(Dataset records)
· · · · ·

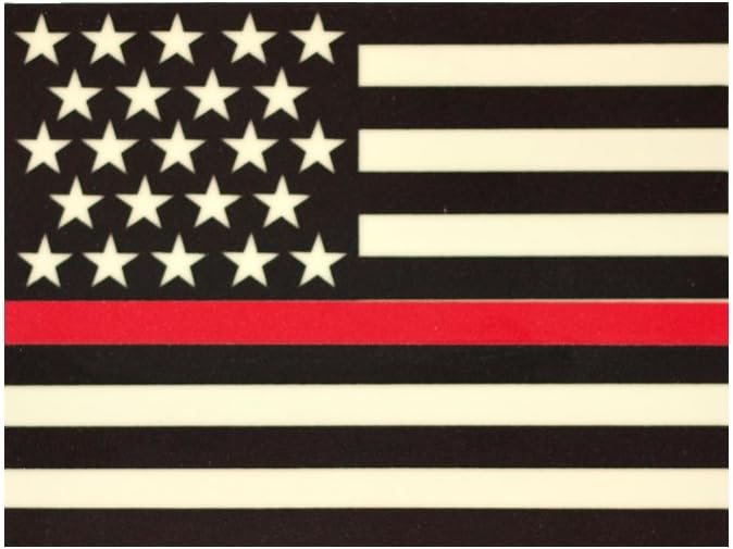 4" American Flag, Subdued with Thin Red Line. The Thin Red Line is a way to honor the fallen heroes of the Fire Departments across the US and the rest of the world. This flag is reflective and glows bright in the dark
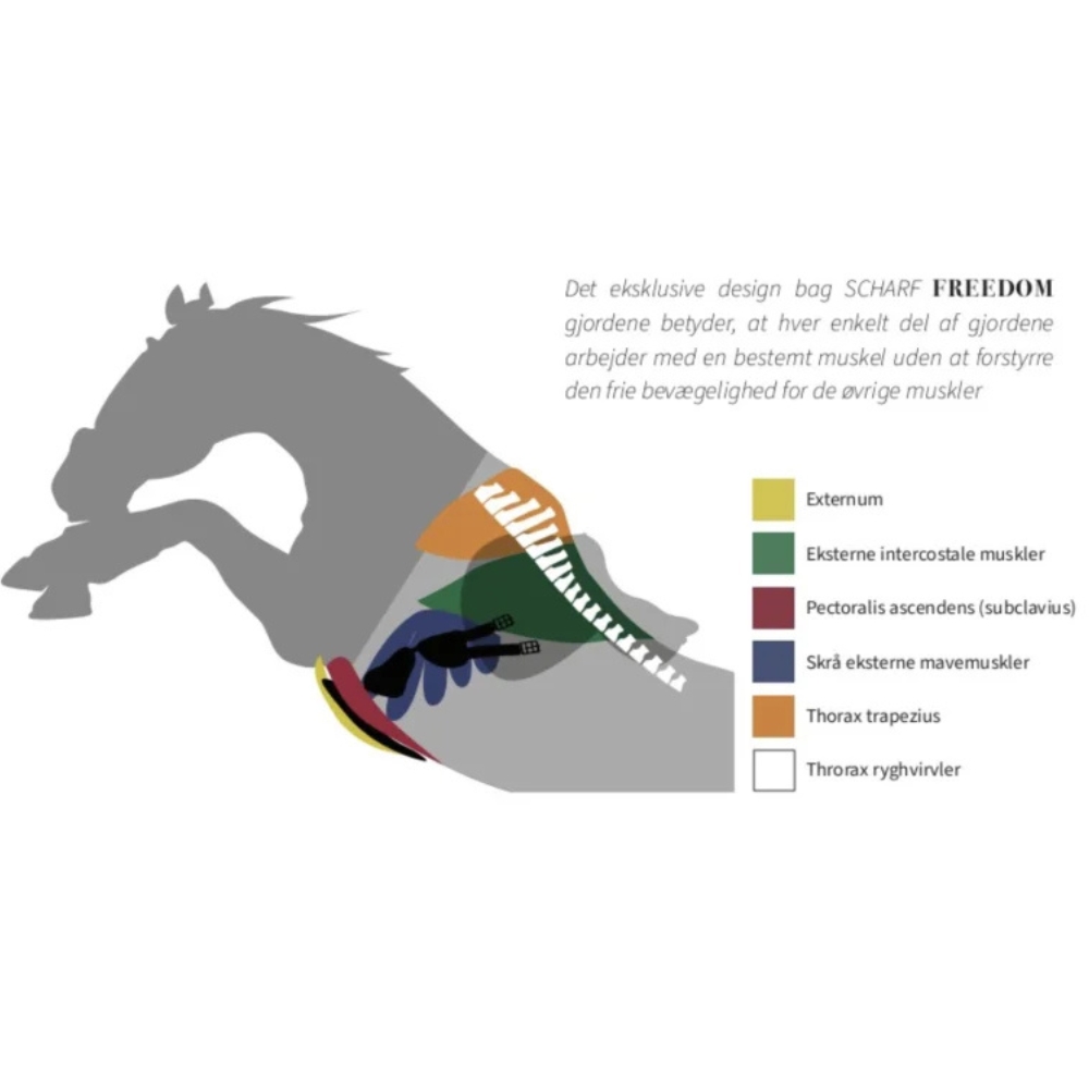 Fantastyczny popręg skokowy od Scharf, który zapewnia maksymalną swobodę i komfort koniowi podczas jazdy. Scharf Freedom Springgjord został opracowany z myślą o anatomii konia i jest zaprojektowany tak, aby każda część popręgu współpracowała z określonymi grupami mięśniowymi klatki piersiowej konia. Pomaga to koniowi funkcjonować optymalnie i daje wyraźne poczucie swobody ruchu.
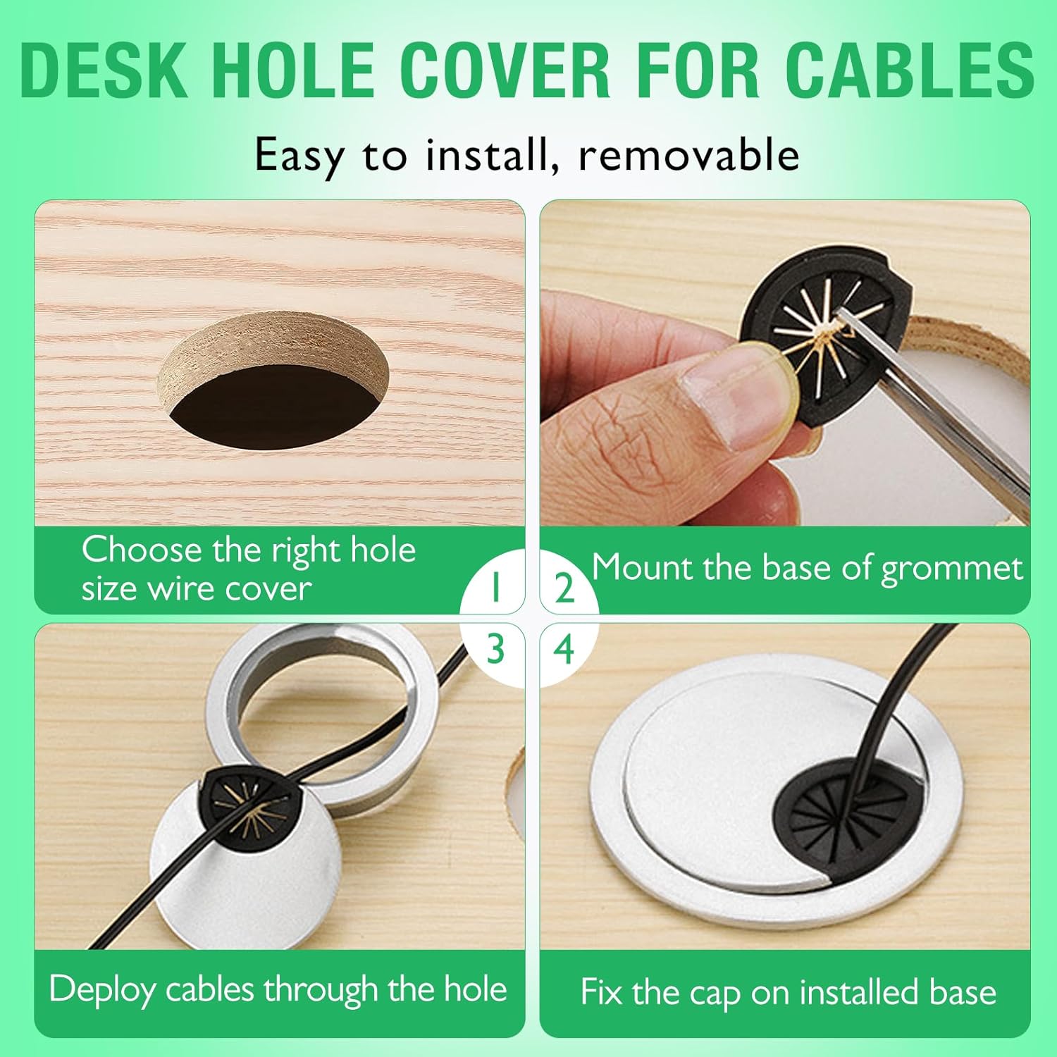 - EASY TO USE: Our desk hole grommet cover is removable, after drilling the corresponding size holes, you can first remove the lid, put the main part of the desk hole cover directly into the hole after drilling to add the wires and cables, and then close the lid; Desk cable hole outer surface is anti-slip ribs and will not loosen after installation
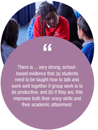 Howe and Mercer (2) reviewed the research available at the time on how children’s collaborative talk contributes to learning and concluded that group work can really help learning and the development of understanding – but that “For collaborative activity to be useful, teachers need to help children develop the necessary communicative skills for engaging intellectually with each other.” They also need to be offered suitable activities, with tasks generally designed to encourage cooperation rather than competitiveness. Some children may need more guidance than others on how to engage productively in classroom dialogue, and classroom culture matters. But developing the oracy skills for productive group work benefits all students.
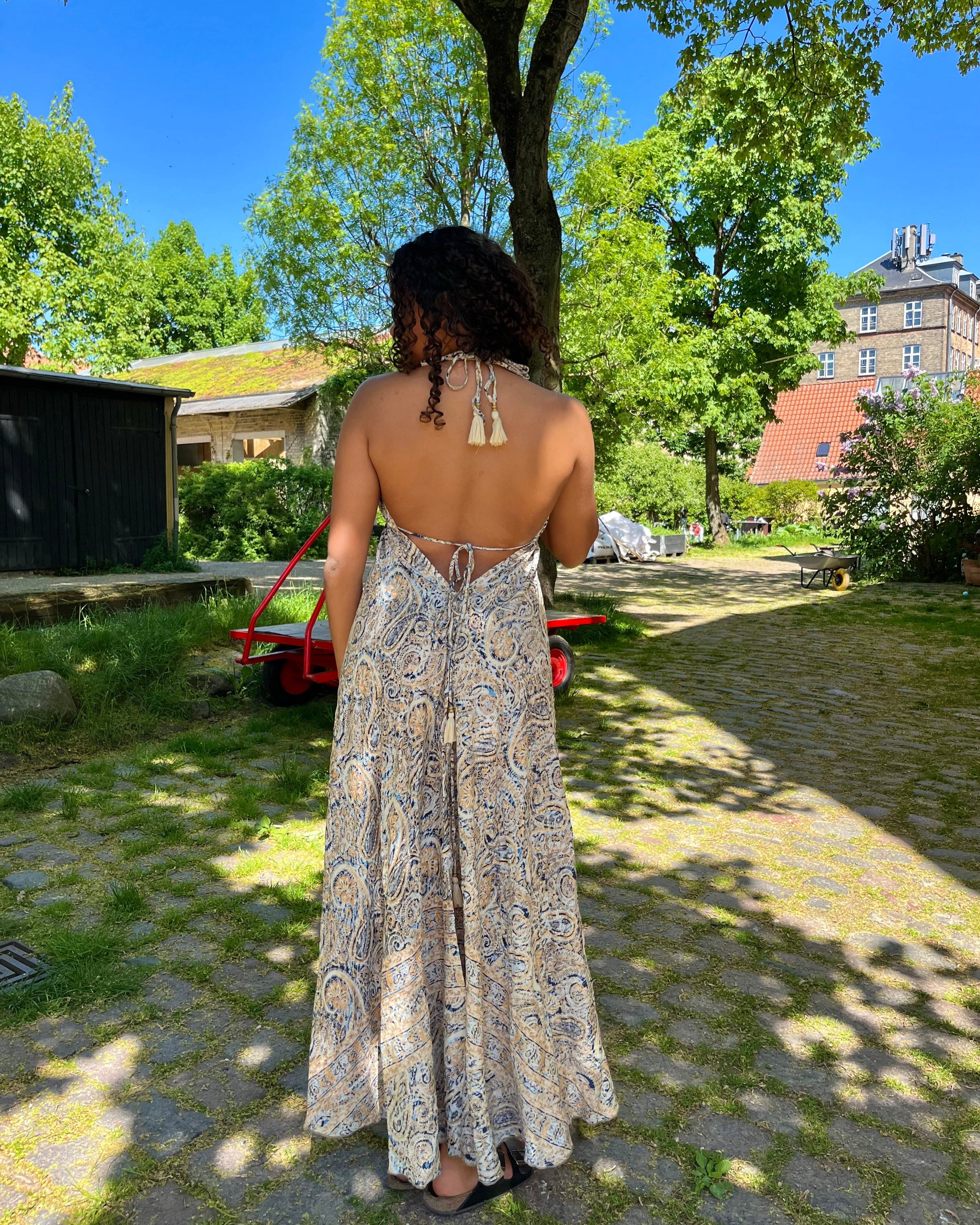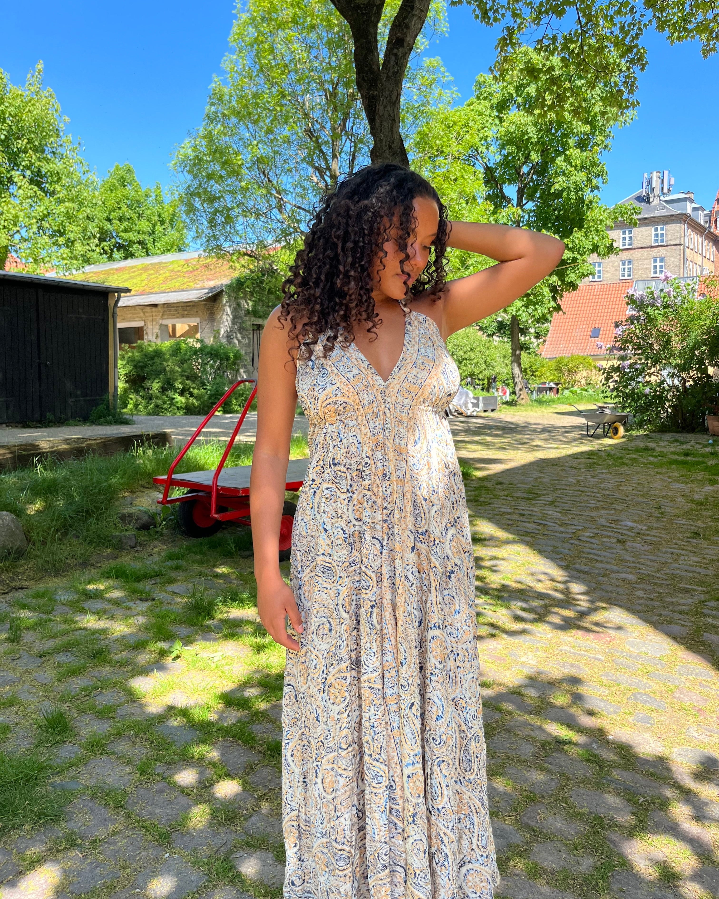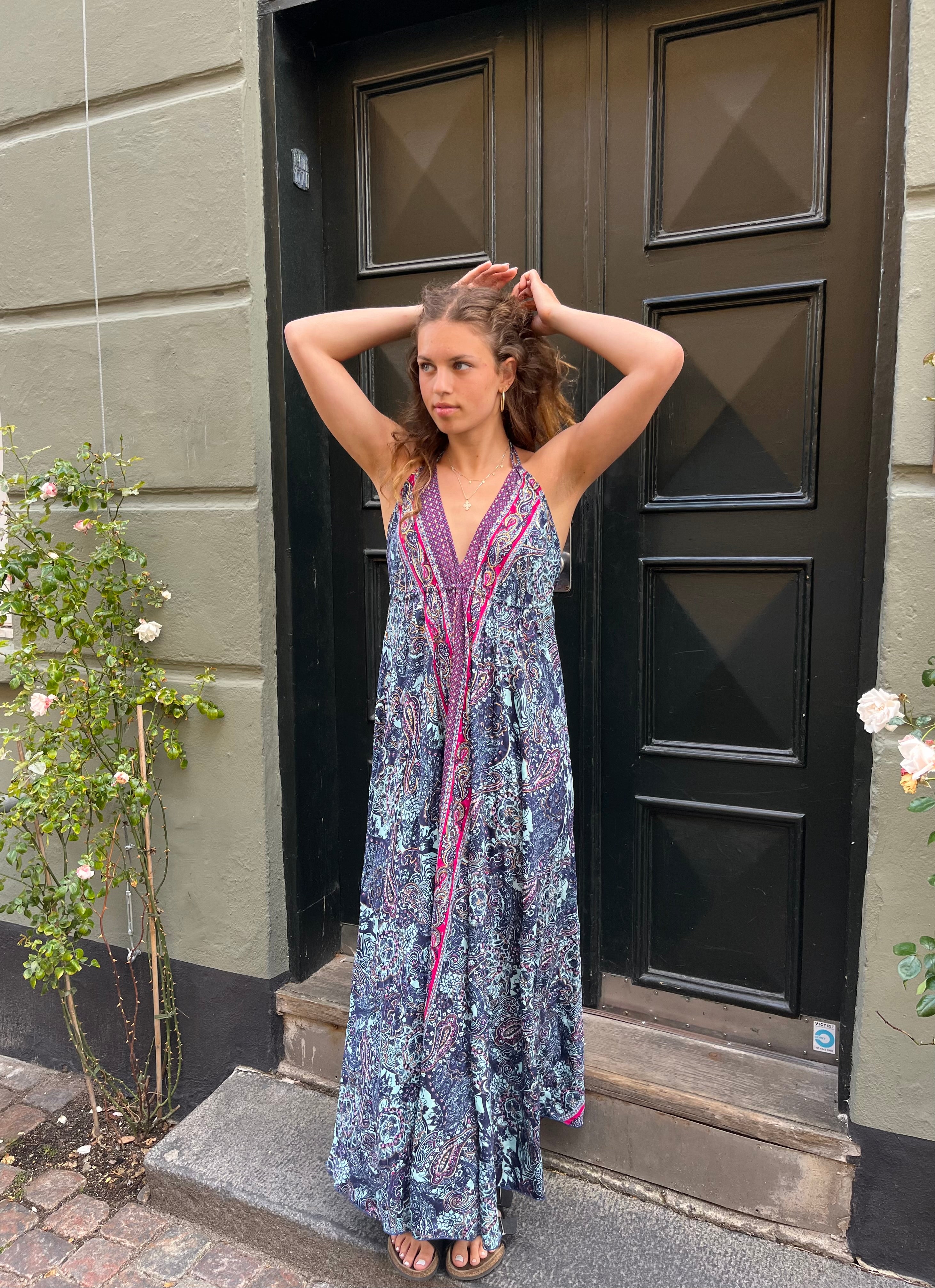 Long Gold Ama Ibiza Dress - Blue + Pink
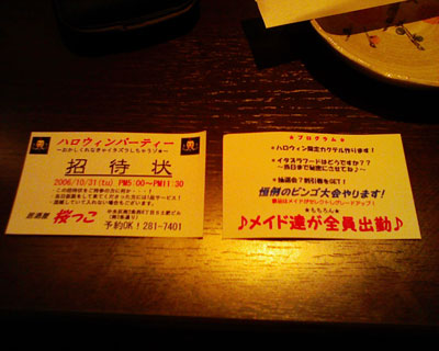 桜っこでは、10月中旬頃から夜の部でこの招待状を渡していました。写真左側が表、右側が裏です。
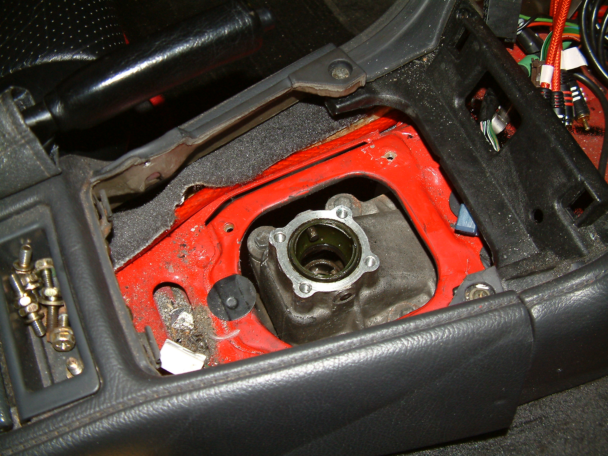 Beginn der Zerlegung, Schaltkulisse entfernt. Rechts sieht man noch das damals von mir verlegte, recht hochwertige Oehlbach CC2 Cinchkabel. So gut ich schon damals (und auch heute noch) mit HiFi und teils auch Elektronik war/bin, so mies bin ich weiterhin mit Mechanik rund um's Auto. Da lasse ich gerne die Spezialisten ran.
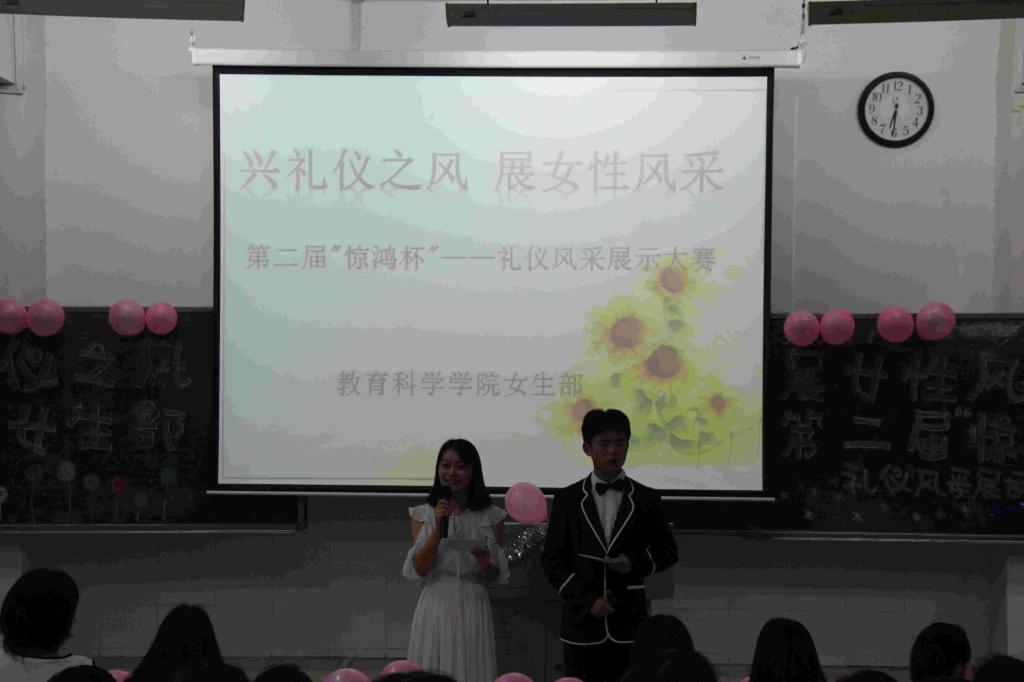 为巩固校园文明建设成果,彰显伟德国际1949学子的文明素养和礼仪风采,5月23日晚,教育科学学院女生部、礼仪队在玉衡楼南栋101教室联合举办了第二届“惊鸿杯”礼仪风采展示大赛——“兴礼仪之风,展礼仪风采”。本次大赛邀请了教科院团总支书记罗娱、女生部指导老师董晓娅、辅导员邓魁担任评委,400余名学生到场观看。
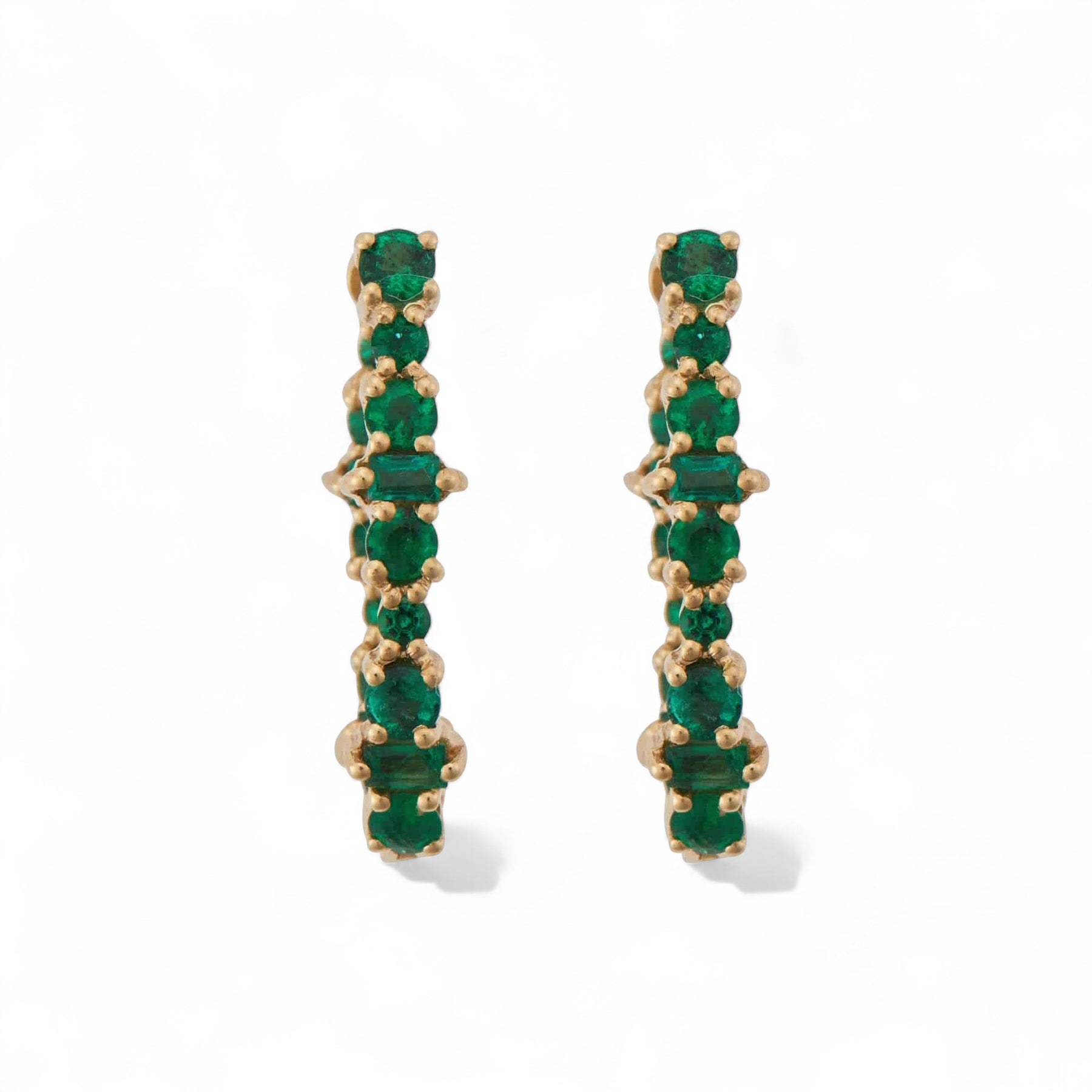 Graceful and refined, the Large Oval Rivulet Emerald Hoops by Ileana Makri bring a vibrant touch of elegance to any occasion. Handcrafted in 18k yellow gold, these striking oval hoops feature an alternating rhythm of round and baguette emeralds — each stone meticulously set to capture the fluid motion and brilliance of water. The perfect balance of sophistication and bold color, they are designed to shimmer with effortless luxury.

· · · · ·

▸ **What you need to do**
Where pictures sit among the data above, omit them, and output the rest exactly.

▸ **Exercise answer**
 4" American Flag, Subdued with Thin Red Line. The Thin Red Line is a way to honor the fallen heroes of the Fire Departments across the US and the rest of the world. This flag is reflective and glows bright in the dark
 Fantastyczny popręg skokowy od Scharf, który zapewnia maksymalną swobodę i komfort koniowi podczas jazdy. Scharf Freedom Springgjord został opracowany z myślą o anatomii konia i jest zaprojektowany tak, aby każda część popręgu współpracowała z określonymi grupami mięśniowymi klatki piersiowej konia. Pomaga to koniowi funkcjonować optymalnie i daje wyraźne poczucie swobody ruchu.
 - EASY TO USE: Our desk hole grommet cover is removable, after drilling the corresponding size holes, you can first remove the lid, put the main part of the desk hole cover directly into the hole after drilling to add the wires and cables, and then close the lid; Desk cable hole outer surface is anti-slip ribs and will not loosen after installation
 Howe and Mercer (2) reviewed the research available at the time on how children’s collaborative talk contributes to learning and concluded that group work can really help learning and the development of understanding – but that “For collaborative activity to be useful, teachers need to help children develop the necessary communicative skills for engaging intellectually with each other.” They also need to be offered suitable activities, with tasks generally designed to encourage cooperation rather than competitiveness. Some children may need more guidance than others on how to engage productively in classroom dialogue, and classroom culture matters. But developing the oracy skills for productive group work benefits all students.
 Long Gold Ama Ibiza Dress - Blue + Pink
 桜っこでは、10月中旬頃から夜の部でこの招待状を渡していました。写真左側が表、右側が裏です。
 Beginn der Zerlegung, Schaltkulisse entfernt. Rechts sieht man noch das damals von mir verlegte, recht hochwertige Oehlbach CC2 Cinchkabel. So gut ich schon damals (und auch heute noch) mit HiFi und teils auch Elektronik war/bin, so mies bin ich weiterhin mit Mechanik rund um's Auto. Da lasse ich gerne die Spezialisten ran.
 为巩固校园文明建设成果,彰显伟德国际1949学子的文明素养和礼仪风采,5月23日晚,教育科学学院女生部、礼仪队在玉衡楼南栋101教室联合举办了第二届“惊鸿杯”礼仪风采展示大赛——“兴礼仪之风,展礼仪风采”。本次大赛邀请了教科院团总支书记罗娱、女生部指导老师董晓娅、辅导员邓魁担任评委,400余名学生到场观看。
 Graceful and refined, the Large Oval Rivulet Emerald Hoops by Ileana Makri bring a vibrant touch of elegance to any occasion. Handcrafted in 18k yellow gold, these striking oval hoops feature an alternating rhythm of round and baguette emeralds — each stone meticulously set to capture the fluid motion and brilliance of water. The perfect balance of sophistication and bold color, they are designed to shimmer with effortless luxury.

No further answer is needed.